:: What to do ::
No picture belongs in the answer, which must hold exactly the lines from the one with "For 1~8S LiPo" through the final line below.

:: Supplied data ::
● ● ● ● ●

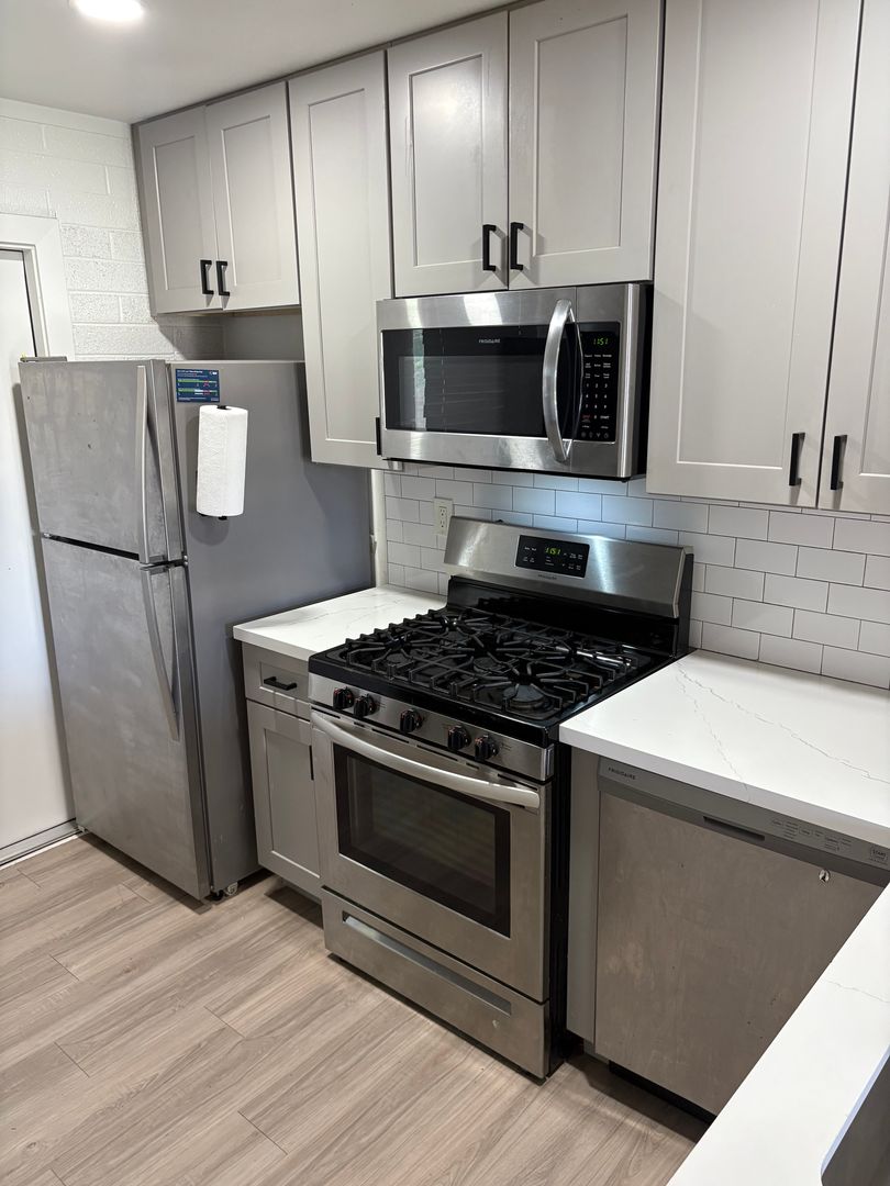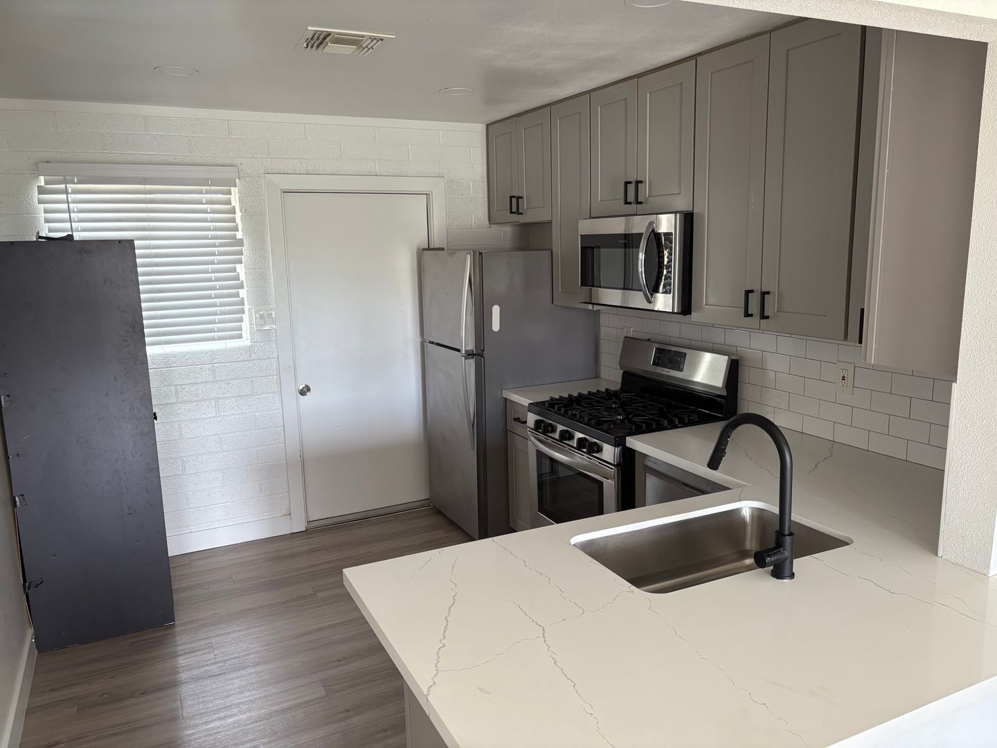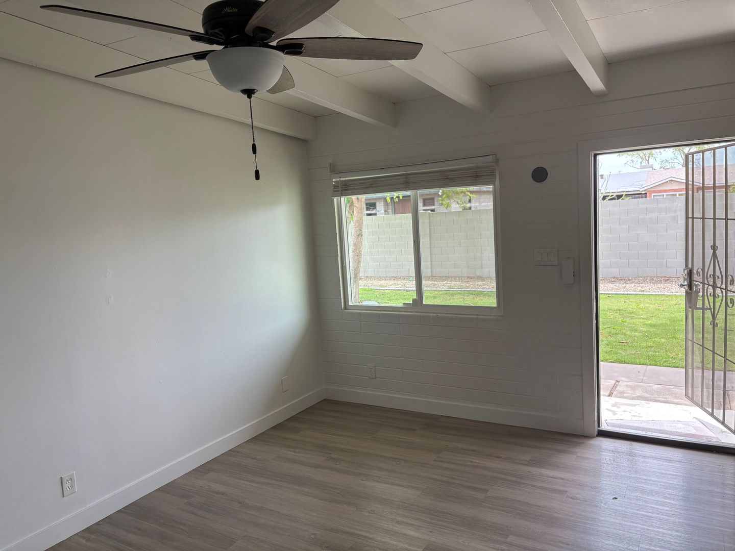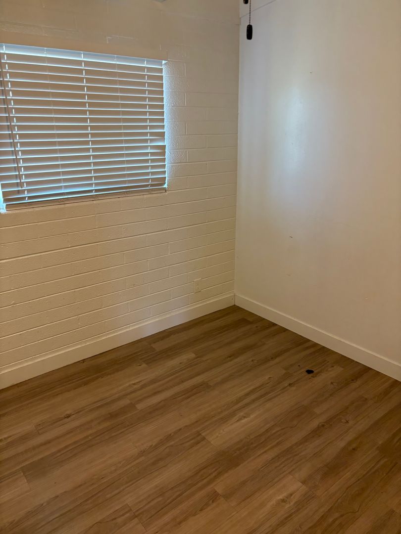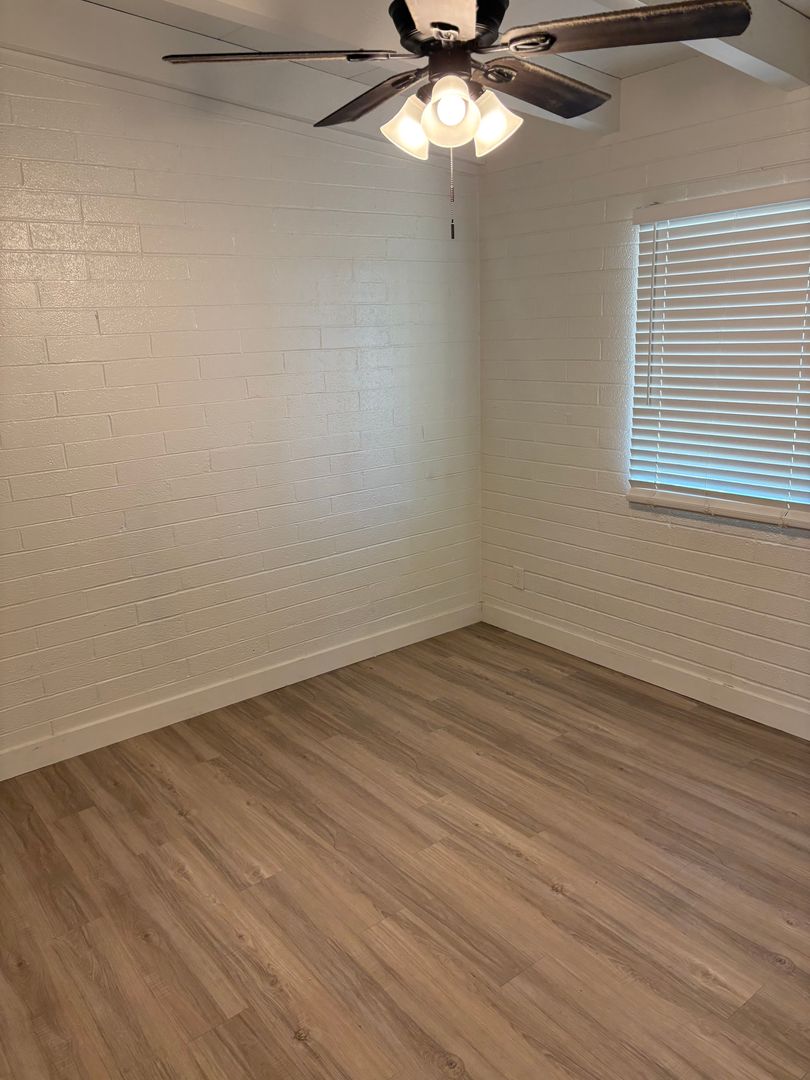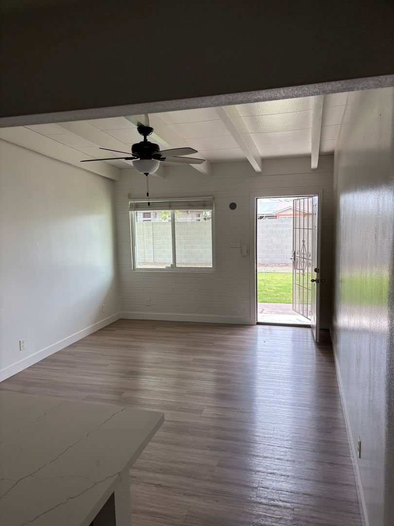 2 bedroom, 1 bathroom remodeled central Phoenix apartment. This unit has a number of upgrades including two tone paint, wood laminate flooring throughout with no carpeting, wood beam ceilings in the living room and bedrooms. Kitchen features upgraded cabinets and stainless steel appliances to include: refrigerator, stove top microwave, and electric range. Landscaped courtyard with grass area. Central location with easy access to the I-10, I-17 and 51 freeways.
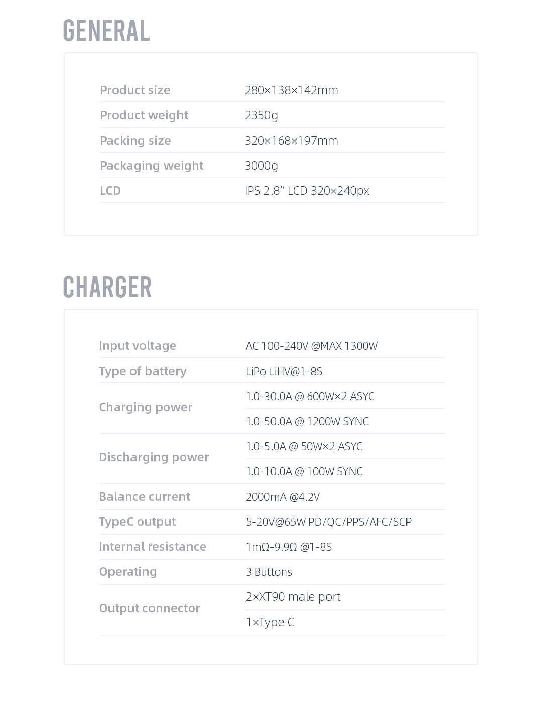 For 1~8S LiPo LiHV Battery, Charge, Storage, Discharge
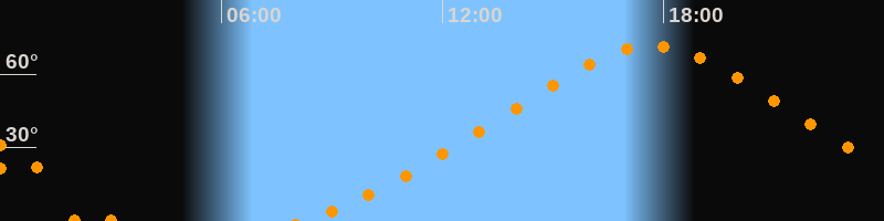| Höchster Stand (Kulmination) | 17:40 Uhr (h = 71,6°) |
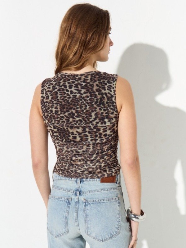 Musculosa de tul con estampado full animal print; la misma posee un escote redondo clásico, sus laterales están fruncidos y su delantero y espalda llevan forrería.

● ● ● ● ●

:: Answer to the problem ::
 For 1~8S LiPo LiHV Battery, Charge, Storage, Discharge
| Höchster Stand (Kulmination) | 17:40 Uhr (h = 71,6°) |
 Musculosa de tul con estampado full animal print; la misma posee un escote redondo clásico, sus laterales están fruncidos y su delantero y espalda llevan forrería.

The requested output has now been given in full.